A comparison of edge flip scores between common trajectory topologies is illustrated in Supplementary Figure 20.

Aggregation of scores

Supplementary Figure 21 illustrates the full set of aggregations performed on the raw scores in order to arrive at the final ranking of methods. In order to make the scores produced by the different metrics comparable to one another, across datasets of varying difficulty, the raw scores are percentile rank transformed per metric per dataset to a [0, 1] range. The arithmetic mean is calculated across replicates. In order to ensure a method only obtains a high score if it scores well on all three metrics, the harmonic mean across metrics is calculated. At this point, the aggregated scores of all methods across all datasets is combined. As there can be an overrepresentation of datasets of a certain trajectory type, first an arithmetic mean is calculated per trajectory type, followed by an overall arithmetic mean across all trajectory types, thus obtaining a ranking of the methods.

Benchmark

Method execution

Each execution of a method on a dataset was performed in a separate task as part of a gridengine job. Each task was allocated one CPU core of an Intel(R) Xeon(R) CPU E5-2665 0 @ 2.40GHz, and was provided a maximum of 32GB in memory and 6 hours of wall time. One R session was started for each task, with the environment variable R_MAX_NUM_DLLS set to 500. The base::set.seed was overridden in order to prevent stochastic TI methods from pretending to be deterministic and/or robust. Timings of methods were measured for different steps along the executions, including preprocessing, postprocessing, each of the different metrics, and the method itself.

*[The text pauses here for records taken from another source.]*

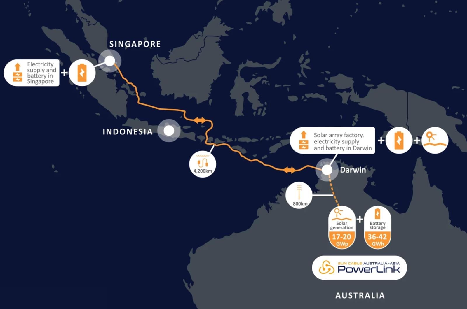 Będzie ono miejscem dla instalacji „Powell Creek Solar Precinct”, generującej w idealnych warunkach od 17 do 20 gigawatów energii elektrycznej z promienni słonecznych, której część ma być przechowywana w lokalnych magazynach o pojemności około 36-42 GWh. To jednak nie koniec imponujących liczb, bo ta instalacja w Australii będzie zapewniać energię oddalonemu o ponad 3351 kilometrów w linii prostej Singapurowi, czyli miastu-państwu w Azji.
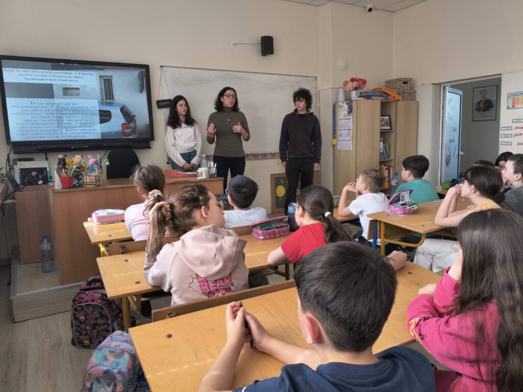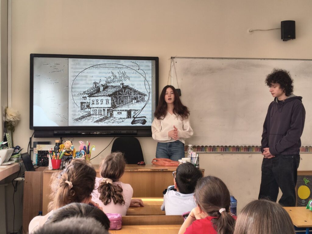 Днес в часа на класа учениците от 4. „а“ клас бяха домакини на вълнуващ открит урок, посветен на 153-та годишнина от гибелта на Васил Левски. Специални гости на четвъртокласниците бяха Александър Николов и Памела Милкова от Езикова гимназия „Проф. д-р Асен Златаров“. Те са част от клуб по екскурзоводство към ЦПЛР Общински Детски Комплекс, Велико Търново с ръководител Катерина Кочева-Токушева.
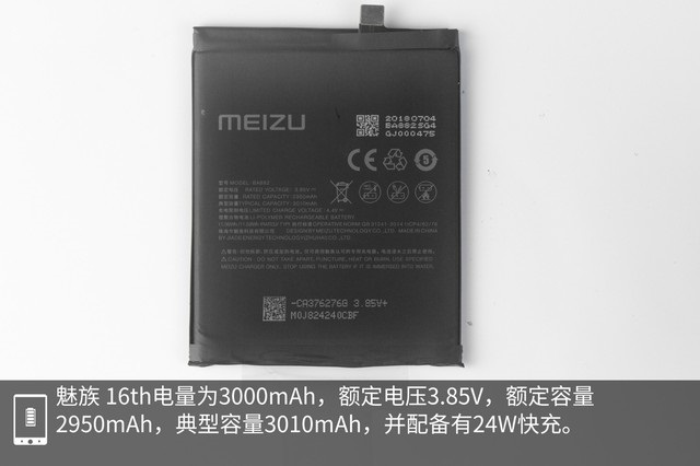 魅族16的電池容量為3000mAh,額定電壓3.85V,并配備24W高效快充。電池容量在同級別大小屏幕手機中,略微顯得偏小一些。
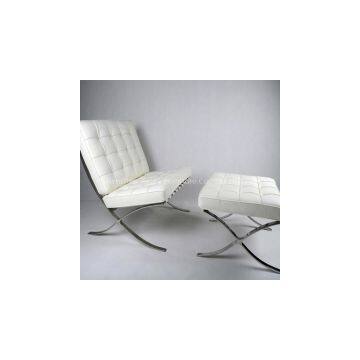 White Barcelona Chair and Ottoman With Italian Leather Barcelona Chair and Ottoman
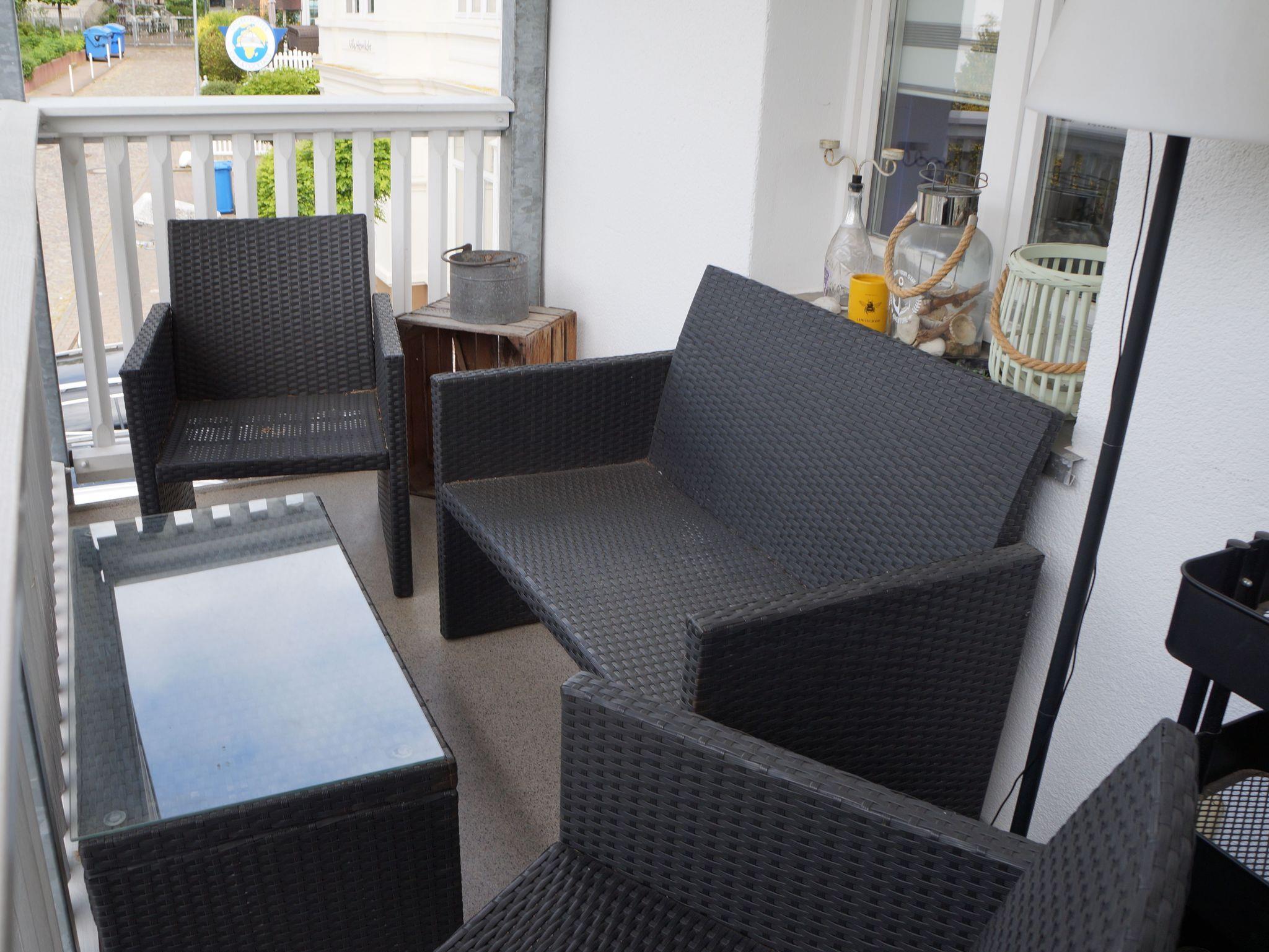 Die 2-Raum-Maisonette-Fewo ist ca. 75 qm gross und hat einen Südbalkon. Sie verfügt über ein Schlafzimmer mit Doppelbett und Einzelbett, ein Wohnzimmer mit komplett eingerichteter Küchenzeile, Sitzecke mit Schlafsofa und Essecke und über ein Bad mit Dusche und WC.

Effect of prior information

To assess the effect of prior information on the performance of a method, we compared the performance of methods which do or do not require the prior information using a two-tailed Mann–Whitney U test. P-values were controlled for multiple testing using Benjamini-Hochberg correction.

Effect of algorithm components

To assess the effect of algorithm components on the performance of a method, we used (1) a two-tailed Mann–Whitney U test, as implemented in the wilcox.test R function, and (2) increase in node purity importance scores using random forest classification, as implemented in the R randomForest package, predicting whether a method scored better than the median score. To evaluate whether a method increased or decreased performance, we used the estimate of the location parameter of the Mann–Whitney U test. We only investigated algorithm components which were part of at least 4 different methods in our evaluation study. P-values were controlled for multiple testing using Benjamini-Hochberg correction.

Method quality control

We created a transparent scoring scheme to check the quality of each method (Supplementary Table 3), based on several existing tool quality and programming guidelines in literature and online ^{92,71,93,94,72,95,96,97,98,99,100,101,102,103,104,105}. The goal of this quality control in the first place is to stimulate the improvement of current methods, and the development of user and developer friendly new methods. The quality control assessed 6 categories, each looking at several aspects, which are further divided into individual items. The availability category checks whether the method is easily available, whether the code and dependencies can be easily installed, and how the method can be used. The code quality assesses the quality of the code both from a user perspective (function naming, dummy proofing and availability of plotting functions) and a developer perspective (consistent style and code duplication). The code assurance category is frequently overlooked, and checks for code testing, continuous integration⁹⁹ and an active support system. The documentation category checks the quality of the documentation, both externally (tutorials and function documentation) and internally (inline documentation). The behaviour category assesses the ease by which the method can be run, by looking for unexpected output files and messages, prior information and how easy the trajectory model can be extracted from the output. Finally, we also assessed certain aspects of the study in which the method was proposed, such as publication in a peer-reviewed journal, the number of dataset in which the usefulness of the method was shown, and the scope of method evaluation in the paper.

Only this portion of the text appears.